You're projecting too much.

You gave her some comfort without her needing to comfort test you.

That's a good thing.

Women tend to have a flow of stream of consciousness spouting from their mouths. Men get into trouble because they take these word to mean something, so they try be serious/answer the questions/ fix the problems. Women don't need this. All the thoughts we have internally, they tend to verbalize. The internal thought housekeeping we all do tends to be verbalized in women.

Imagine if women could read every thought in our heads and thought they had to comment/fix/acknowledge each and every one. It would very quickly drive you insane.

Women speak, men think. You should never speak more than your wife, she should understand that just because you're quiet, it doesn't mean there's anything wrong. Just like when she's complaining about some insignificant aspect of her day, it doesn't mean there's anything wrong.

The simple fact that she told you you act manly most of the time tells me you're doing it right.

You need a little beta with the alpha in a LTR, every voyage on your ship should not be a tooth-clenching serious sufferfest.
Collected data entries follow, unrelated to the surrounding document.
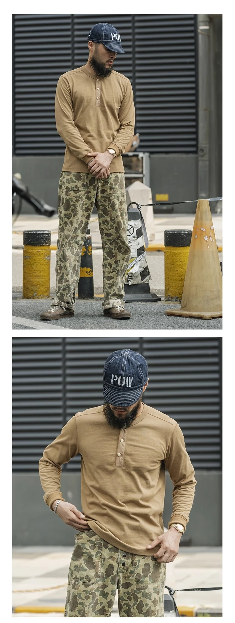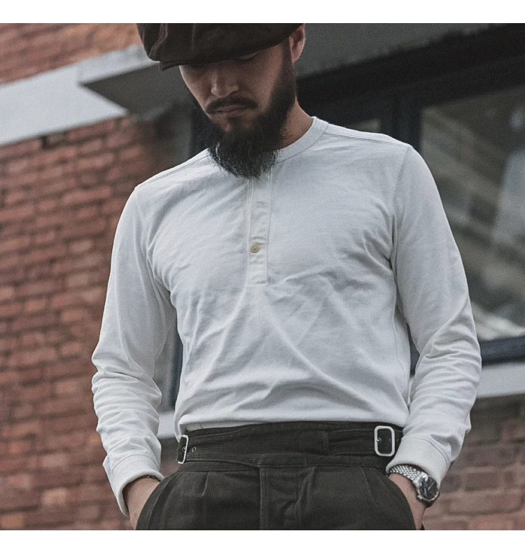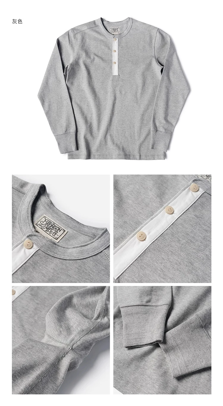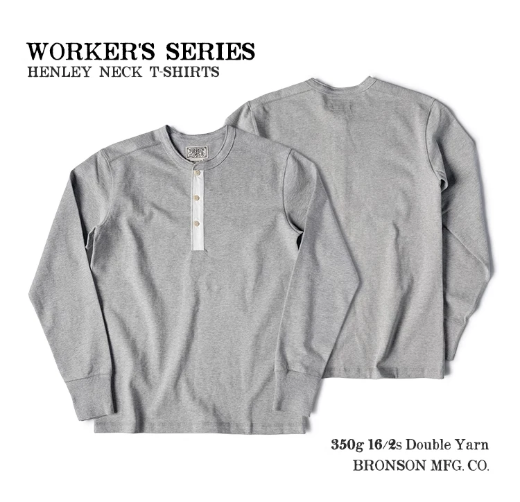 Bronson 350g Heavyweight L/S Henley Shirt T-shirt vintage con base semplice da uomo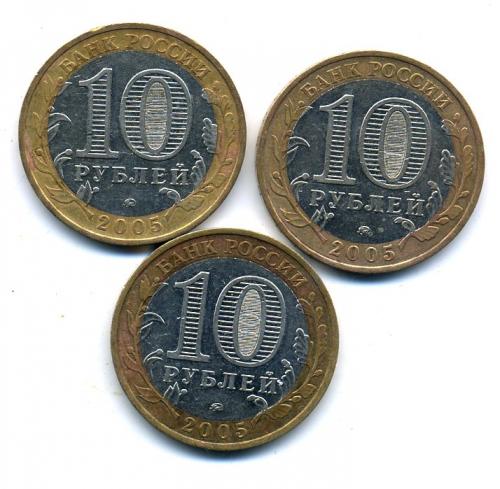 Монеты России. 10 рублей 2005 г. Калининград. 3 шт.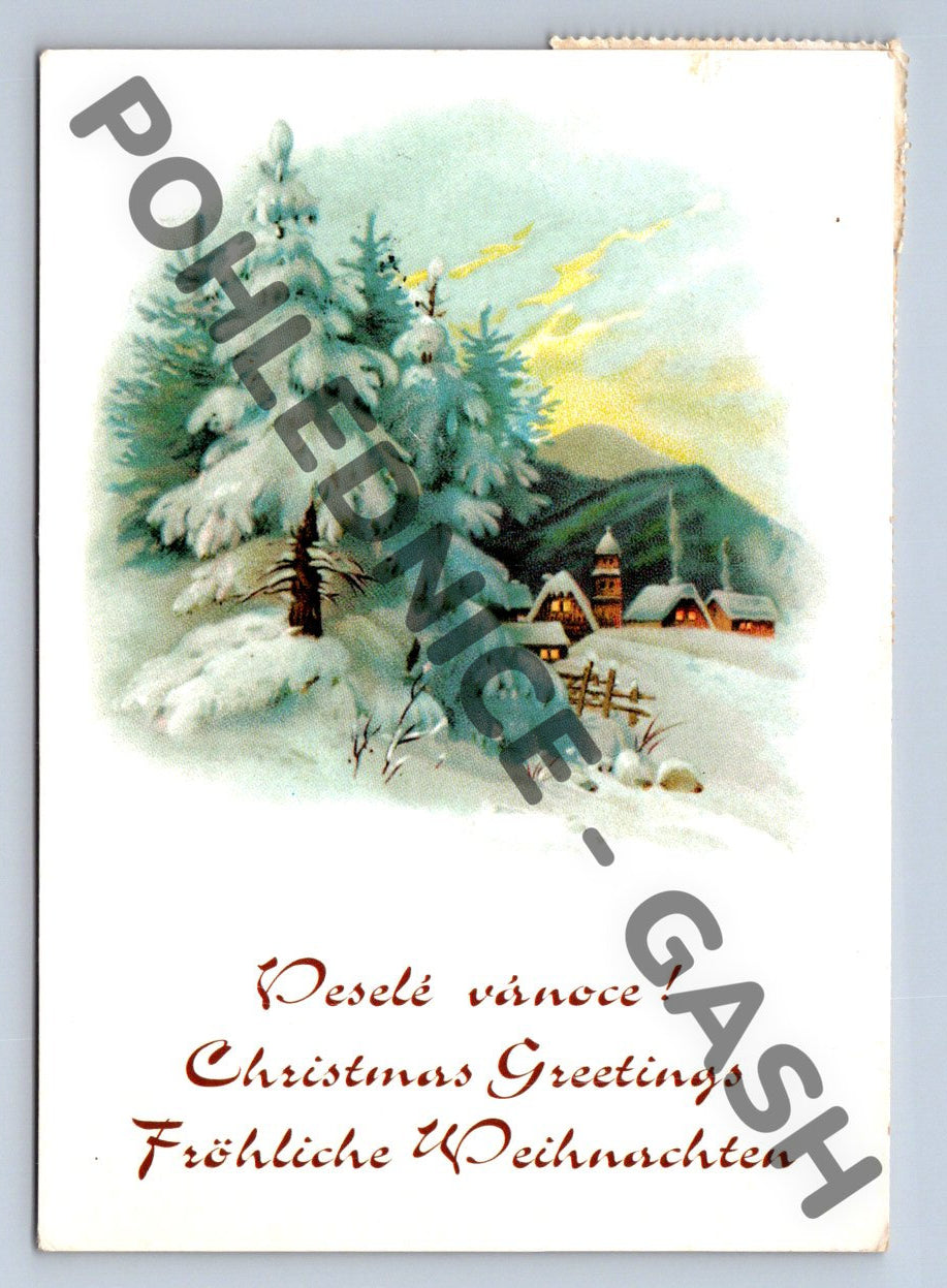 Nabízím originální vánoční pohlednici s motivem zimní krajiny a chalupy v lese. Na lícové straně je krásná ilustrace zasněžených stromů a chalupy, doplněná nápisy ve třech jazycích: Veselé Vánoce! / Christmas Greetings / Fröhliche Weihnachten. Pohlednice je ručně psaná, prošlá poštou a opatřená známkami České republiky a Československa. Datum razítka: 1985. Je ve velmi dobrém stavu, rohy lehce opotřebovány. Ideální pro sběratele historických pohlednic nebo jako krásná vánoční dekorace či dárek. Formát zhruba odpovídá malému formátu používanému před rokem 1950.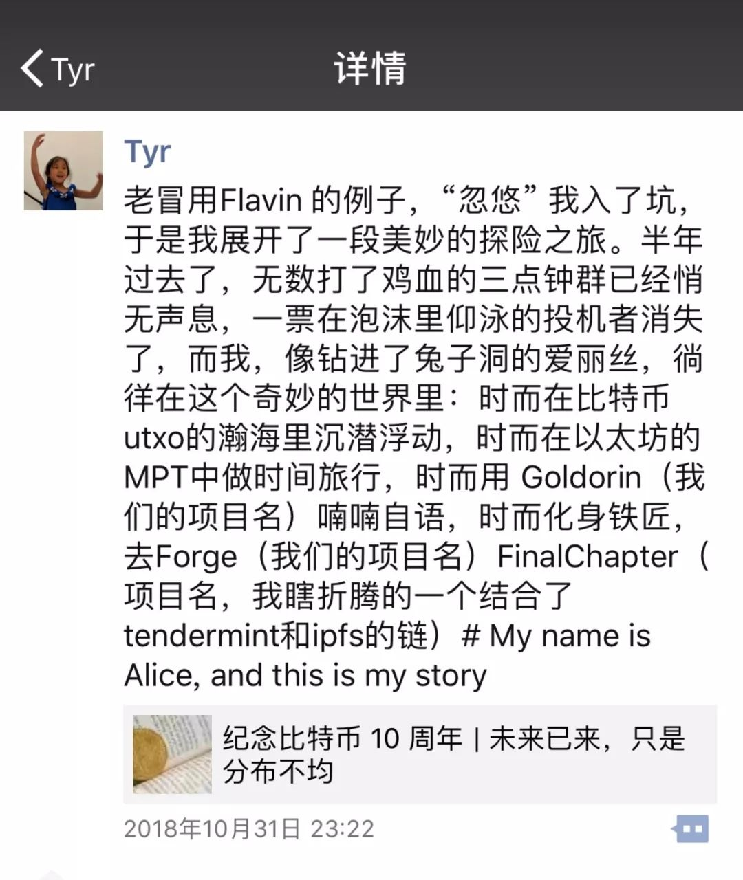 10月31日,陈天发朋友圈感慨自己投身区块链创业“半年过去了,无数打了鸡血的三点钟群已经悄无声息,一票在泡沫里仰泳的投机者消失了,而我,像钻进了兔子洞的爱丽丝,徜徉在这个奇妙的世界里……”

Having fun with your life is as alpha as it gets.

[–]man_in_the_worldRed Beret5 points6 points  (0 children) | Copy

Having emotions is good; nobody loves or admires a robot. Strong men often have strong emotions. Charismatic leaders have and share their passion. Your mission to become a better man should not include attempting to eliminate your emotions; for the many codependent career betas here, uncovering, accepting, and openly expressing their own authentic emotions is a key part of developing frame.

The key issue is thus not having emotions, but how you respond to and express your emotions. You should always express your emotions like a man.

  • A Man expresses emotion with Outcome Independence (OI), and never for validation, sympathy, or forgiveness.

  • A Man subordinates his emotions to his honor, values, reason, goals, and mission.

  • A Man expresses his emotions only in accordance with his desires, values and mission.

Your emotions are a fact and a force of nature; they are. But they should require nothing of anyone else. They don't require comfort, for example, so receive any with OI. You will miss your wife and it's a fine thing as a human being to deeply love someone and to let them know that with no expectation of response (OI), but you have to go on a business trip, and a man does what he needs to do without fuss or hesitation regardless of what he feels.

When your wife sees that you express your authentic emotions with OI, requiring nor expecting nothing in return; when she sees that your actions and behavior are ruled by your mission over your emotions; and when she sees that you can master your emotions to further your mission, she will respect you more, not less, as a man for them.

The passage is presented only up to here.